Hacker News new | past | comments | ask | show | jobs | submit login
Probabilistic Data Structure Showdown: Cuckoo Filters vs. Bloom Filters (fastforwardlabs.com)
208 points by williamsmj on Nov 28, 2016 | hide | past | favorite | 44 comments

  > Since it’s possible to hash multiple items to the same 
  > indices, a membership test returns either false or maybe.
As someone who perpetually has trouble keeping the terminology of {false|no false} {positives|negatives} straight, I just wanted to remark that this is a very intuitive and straightforward way of explaining the guarantees of lookup in a Bloom filter.

True/False says if the test was correct. Positive/Negative is if the test passed.

True Positive: Test was correctly passed, hit. False Positive: Test was incorrectly passed, false alarm. True Negative: Test was correctly failed, reject. False Negative: Test was incorrectly failed, miss.

I find the terms to be too technical, so I remember a common situation. Medical tests are often False Positives. Which means the test was positive, but the test was wrong and you are okay (good!). From there is pretty easy to infer the rest.

Infact, that situation leads to a large issue with medical testing at a whole. If you were tested for 100 terrible diseases that you did not have, you would probably get a bunch of False Positives. Medical tests are set up for a high False Positive rate but low False Negative rate, because its less damaging to confirm a diagnosis with follow up testing than to miss a test. But confirming False Positive tests is expensive, along with the initial testing.

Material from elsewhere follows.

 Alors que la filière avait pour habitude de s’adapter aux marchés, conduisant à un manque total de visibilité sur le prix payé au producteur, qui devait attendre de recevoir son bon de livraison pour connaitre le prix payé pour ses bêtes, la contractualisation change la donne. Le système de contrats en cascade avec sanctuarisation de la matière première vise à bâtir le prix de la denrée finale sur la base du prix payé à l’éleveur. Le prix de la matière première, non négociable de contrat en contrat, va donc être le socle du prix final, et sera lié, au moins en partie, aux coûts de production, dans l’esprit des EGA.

So doctors try to limit tests to at-risk groups to spend less time on healthy patients' False Positive tests.

As an aside, this is how null is defined in many languages as well. Many behaviors of SQL, for instance, are much more intuitive if you remember that SQL sees null as "unknown".

If a boolean value is null in SQL, it conceptually means it could be either true or false - it's a maybe. If you ask "is maybe true equal to maybe true", the answer is "maybe". Likewise, asking SQL 'null = null", it answers "null", instead of true/false.

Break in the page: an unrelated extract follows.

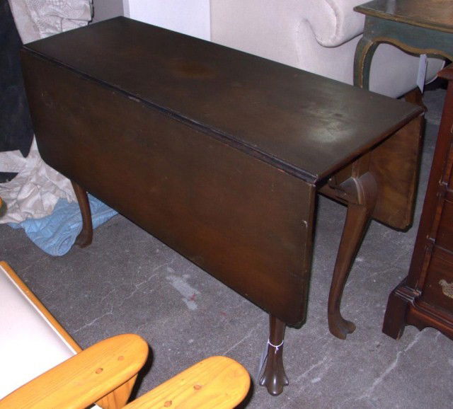 SoldMahogany Queen Anne Drop Leaf Table, poss. IrishMahogany Queen Anne drop leaf table, possibly Irish, rectangular top and two drop leaves with plain straight edges. Set on a rectangular base with shaped skirt and slightly curved Queen Anne legs withSee Sold Price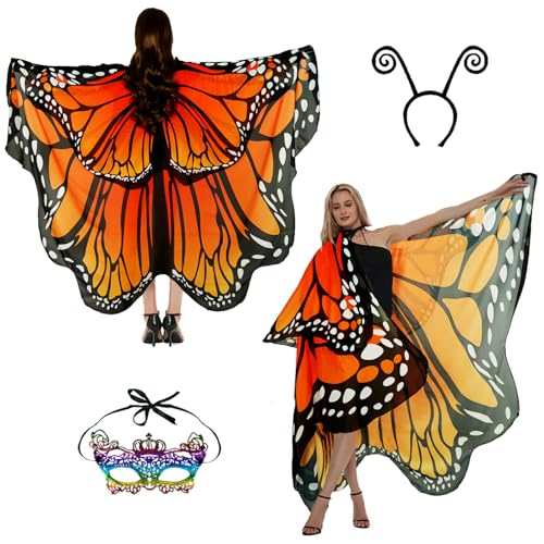 Fjärilskostym damer vingar fjärilvingar vuxna tvåstegs karnevalkostym damer cape utklädsel fjärilar kostym tillbehör 3 set ansiktsmask givare fjäril hårband

...which is why for determining if something is unknown, you ask SQL...are you indeed NULL? And SQL should say 'true' or 'false'.

    SQL null IS null

It's a much better notation because NOT(MAYBE) = MAYBE.

That's hard to explain when you work with binary booleans.

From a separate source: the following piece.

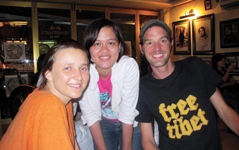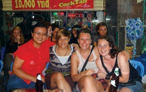 | Từ trái qua) Người viết và các Couch Surfer: Abby (Mỹ), Kiki (Đan Mạch), Marit (Na Uy). Abby hiện đang làm giáo viên tình nguyện tại Philippines, còn Kiki và Marit đang học một khóa ngắn về văn hóa và kinh tế tại Hội An, Việt Nam |

I try to think of these filters as the opposite of a cache. Bloom/Cuckoo has no false negatives and a cache has no false positives. Besides this they are very similar conceptually and used in the similar contexts.

For those who are new to Bloom filters, the article doesn't quite finish connecting the dots to a common use case:

Bloom filters give no false negatives but a controllable rate of false positives. If a Bloom filter indicates that an item has not been seen before, we can be certain that’s the case; but if it indicates an item has been seen, it’s possible that’s not the case (a false positive).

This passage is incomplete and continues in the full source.